Whenever a damaging story about Trump breaks, the playbook for his apologists is always the same: Attack the source or attack the sourcing. If the source is a Democrat, they’re lying for partisan gain. If it’s a Republican, they’re lying because they’re a RINO with an ax to grind. If they’re anonymous, the reporter made everything up whole cloth. Obsessing about the source means never having to consider the substance of allegations about what Trump is and what his movement has become.

 

For instance, this passage from the Atlantic piece is Trump to a T, entirely consistent with the hyper-narcissism he’s evinced in full public view for the past nine years and with the disdain he famously expressed for prisoner of war John McCain:

 

Trump, those who have worked for him say, is unable to understand the military norm that one does not leave fellow soldiers behind on the battlefield. As president, Trump told senior advisers that he didn’t understand why the U.S. government placed such value on finding soldiers missing in action. To him, they could be left behind, because they had performed poorly by getting captured.

 

I believe it. But because it’s sourced to unnamed Trump deputies, loyal Republicans aren’t just free to ignore it, they’re obliged to do so.
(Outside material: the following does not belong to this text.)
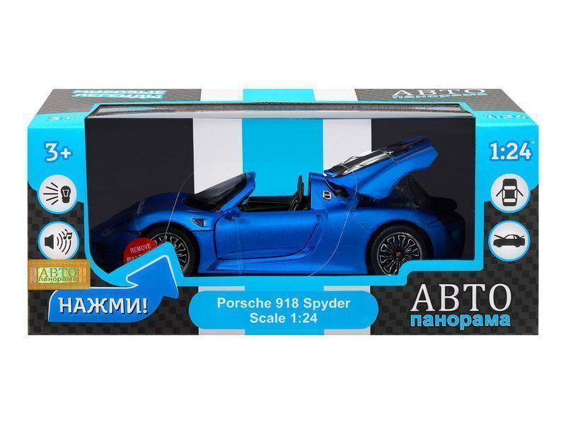 Машина "АВТОПАНОРАМА" Porsche 918 Spyder, 1/24, синий, свет, звук, в/к 24,5х12,5х10,5 см

Who are they supposed to believe, Donald Trump or anonymous “fake news” sources painting a, er, perfectly recognizable picture of Donald Trump?

 

Practically any source can be impeached in the way I’ve described—but John Kelly is a tricky one. One can’t help but respect his military service and sympathize with him for having lost a son on the battlefield in Afghanistan. And he’s no RINO: Trump admired him enough to put him in charge of immigration enforcement at Homeland Security and then to move him into the White House as his right-hand man. How does a Republican voter deal with him accusing their candidate, on the record, of being a fascist?

 

Do they … maybe consider not voting for Trump after all?

 

Of course not. They have lots of other options.

 

They can simply ignore what Kelly said and gate-keep the hell out of it to minimize the risk that persuadable voters will find out about his remarks.

 

Or they can treat what Kelly said as irrelevant because insanity is already priced into Trump’s political stock, an argument heard on Wednesday from certain Republican governors, if you can believe it.

 

Or they can push propaganda mocking those of us who worry about electing a fascist, which is what you might do if you’re known for “jumping around, skipping like a dips–t” onstage at Trump rallies.

 

Or they can try the old standby of whatabout-ing their way out of the situation by changing the subject. Social media was filled on Tuesday night with grumbles about the anonymous sourcing for certain anecdotes in The Atlantic piece, conveniently deflecting attention from the fact that the same piece quoted Kelly by name and that the Times’ story quoted him at great length, replete with audio clips. 

 

They’re not going to pressure Trump not to behave like a fascist in a second term if and when he starts. They’re going to run interference for him as they always do; it’s practically a Pavlovian response by now. This is a movement in which a person can go from promoting denunciations of the Capitol riot on January 6 to leading Donald Trump’s campaign less than four years later. There’s no limit now to the degradation of which they’re capable. They’re pot-committed.

 

You can stop Trump by defeating him at the polls next month but you’ll get no help from the right in stopping him after he’s sworn in. Vote accordingly.